The number 24 on the soldier's collar represents the 24e régiment d'infanterie. That regiment participated in a brutal offensive on 25 May 1915 in Aix-Noulette, where contact with a bitter enemy caused unusually heavy losses. Metzinger had been stationed further south of the devastated area. The town of Sainte-Menehould, located south of the Forest of Argonne, became a command and control center of the Marne.

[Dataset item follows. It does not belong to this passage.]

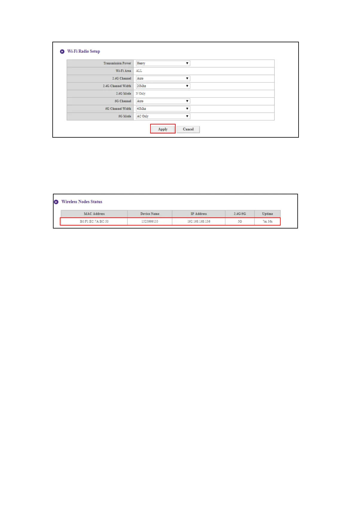 The Wireless Nodes Status sub-menu lists all the devices connected to the Host via Wi-Fi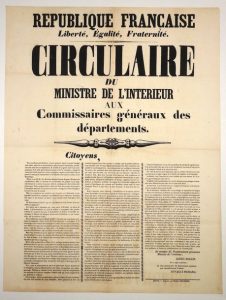 AUTUN (71). 1848. «République Française. Circulaire du Ministre de l'Intérieur aux Commissaires généraux des départements.» LEDRU-ROLLIN, membre du Gouvernement provisoire, Ministre de l'Intérieur. «Nous touchons aux élections : encore quelques jours le peuple français tout entier, usant de sa souveraineté si glorieusement reconquise, proclamera le nom de ses mandataires. A la veille de ce grand acte de sa toute puissance, il est utile que le Gouvernement né de la Révolution, chargé de conserver intacte et pure la victoire populaire, expose une dernière fois sa pensée à ceux qui le représentent et le défendent sur toute la surface de la République...» - Impr. à AUTUN, chez Michel Jussieu. Affiche (65 x 49) État A.

From January 1915, St. Menehould was the command post of the IIIe armée française under General Maurice Sarrail. The city suffered its first bombing campaign by canon the same year. Thereafter, aircraft and zeppelins took over the skies. In September 1915 the successful counter-offensive moved the front closer to the German border.

==Crystal Cubism==

The Cubist considerations manifested prior to the outset of World War I—such as the fourth dimension, dynamism of modern life, the occult, and Henri Bergson's concept of duration—had now been vacated, replaced by a purely formal reference frame. This clarity and sense of order spread to almost all of the artists under contract with Léonce Rosenberg—including Metzinger, Juan Gris, Jacques Lipchitz, Henri Laurens, Auguste Herbin, Joseph Csaky and Gino Severini—leading to the descriptive term 'Crystal Cubism', coined by the critic Maurice Raynal.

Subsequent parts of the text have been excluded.